Service sector trends (legal, accounting) – Economic trends

Last updated on May 13th, 2019 at 02:23 pm

Industries such as the accounting and legal professions were not hit as hard by the recent economic downturn as other industries, so trends in these service sector industries focus less on economic responses.
Within the next year, certified public accountants should see a continued emphasis on consulting services and estate and succession planning, said Karin Gale, a partner with Vrakas, Blum and Co.
"Over the years, routine accounting has increasingly been done by computers, and as businesses expand, business owners are looking to CPAs for assistance on how to use that technology," Gale said.
In terms of estate planning, the emphasis is driven by the Baby Boomers.
"Baby Boomers are starting to hit that critical age in which they are planning for the future and retirement, both personally and professionally," Gale said. "If they own a business, now is the time in which they are considering issues such as who will take over the business, whether it will be passed down within the family and whether or not to sell it."
The economic downturn did not have a major effect on the accounting industry, largely because as long as there are taxes, there will be a need for accountants.
"Firms are in a bit better position because, regardless of the economy, businesses still need to have their tax returns done," Gale said.
Furthermore, harder economic times have made banks become more interested in companies’ financial status. A bank which may not have required an audit of a company in the past now might want much more detailed financial records, Gale said.
Recent fraud issues, including situations such as that of companies like Enron, have caused more scrutiny of accounting firms, Gale said.

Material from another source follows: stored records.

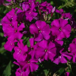 Флокс Aida (Аида). Цветки колесовидной формы, насыщенного цвета, от красно-малинового бархатного до фиолетового. Глазок от красного до пурпурного. Соцветие пирамидальное, средней плотности. Цветение в июле-августе. Куст высотой 50-60 см, компактный, густой. Сорт устойчив к грибным болезням.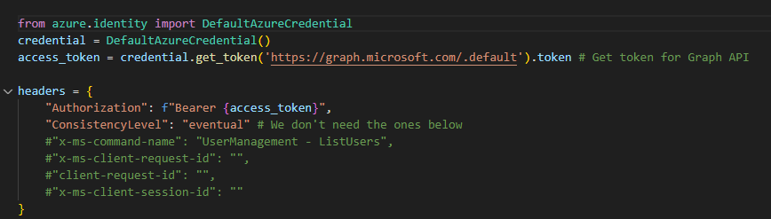 Now we are going to quickly implement the authentication, I will be using DefaultAzureCredential (Standard way to authenticate to Azure) and we will add the authentication token to the headers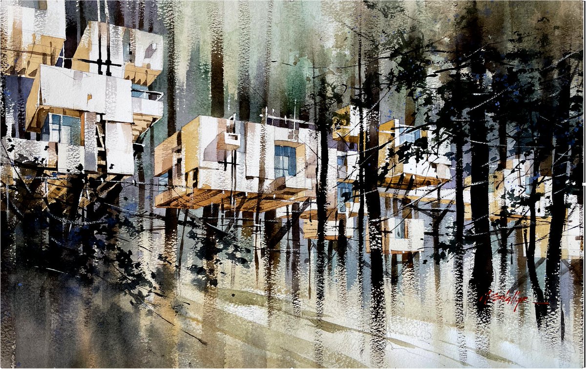 Last one for today Early evening,Shelton Mixed media on paper #art #painting #landscapepainting #urban #urbanart #ArtistOnTwitter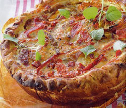Stendete tre quarti della pasta col mattarello, in modo da ottenere un disco col quale fodererete la tortiera.

"People now are looking at CPA firms and saying ‘you’ve been paid by these organizations, but why are there these problems?’" Gale said.
While consolidation of accounting firms appears to have subsided, the legal profession is experiencing consolidation in order to create one-stop legal shops for clients, said Jim Page, executive director of the Milwaukee Bar Association.
In addition to mergers among law firms, recent discussions within the legal industry have focused on mergers with accounting firms or banks to provide a variety of services for clients, Page said.
"This is a positive change for business owners in that they would only have to manage a relationship with one firm instead of with a number of different ones," Page said.
Like accountants, the need for lawyers is not disappearing regardless of the economy, and therefore the economic downturn did not affect the legal industry as significantly as it has other industries, Page said.
"The complexity of laws and regulations makes it almost impossible for a lay person to not get into hot water at some point without the help of an attorney," Page said. "Lawyers are such an important part of managing a company. Companies need them."